PROBLEM DESCRIPTION. Only the lines of the listing below that run from the line with "Zapalił się wiatrak w Mokrej (WIDEO, FOTO)" through the line with "This Auto-SERE by" are to be set down, word for word. Pictures stay out.

GIVEN INFORMATION.
##############################

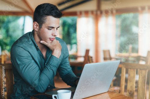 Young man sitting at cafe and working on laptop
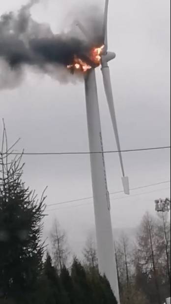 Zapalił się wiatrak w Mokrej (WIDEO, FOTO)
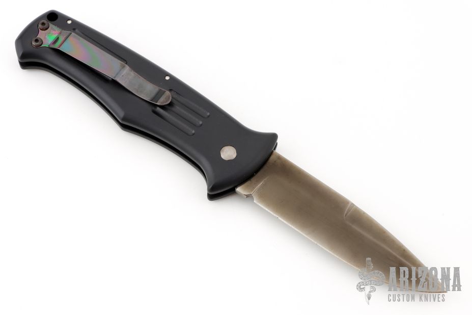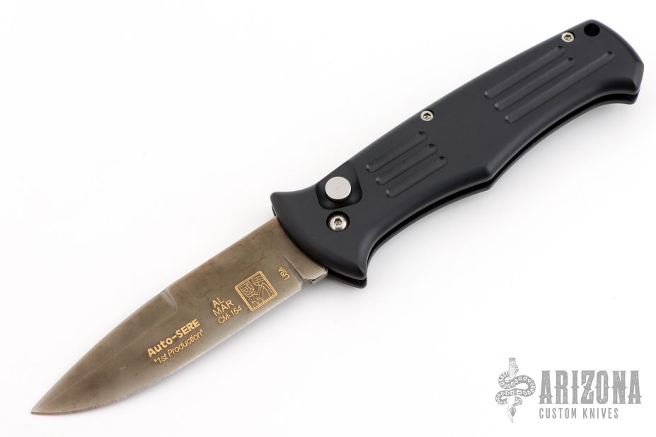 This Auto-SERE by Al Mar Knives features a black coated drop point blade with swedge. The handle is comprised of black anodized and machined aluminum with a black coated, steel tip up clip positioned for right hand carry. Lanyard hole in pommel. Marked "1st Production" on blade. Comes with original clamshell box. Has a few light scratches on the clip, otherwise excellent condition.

##############################

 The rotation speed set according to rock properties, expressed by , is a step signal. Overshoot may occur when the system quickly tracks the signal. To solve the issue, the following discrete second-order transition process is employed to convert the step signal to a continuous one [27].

##############################

SOLUTION BELOW.
 Zapalił się wiatrak w Mokrej (WIDEO, FOTO)
 This Auto-SERE by Al Mar Knives features a black coated drop point blade with swedge. The handle is comprised of black anodized and machined aluminum with a black coated, steel tip up clip positioned for right hand carry. Lanyard hole in pommel. Marked "1st Production" on blade. Comes with original clamshell box. Has a few light scratches on the clip, otherwise excellent condition.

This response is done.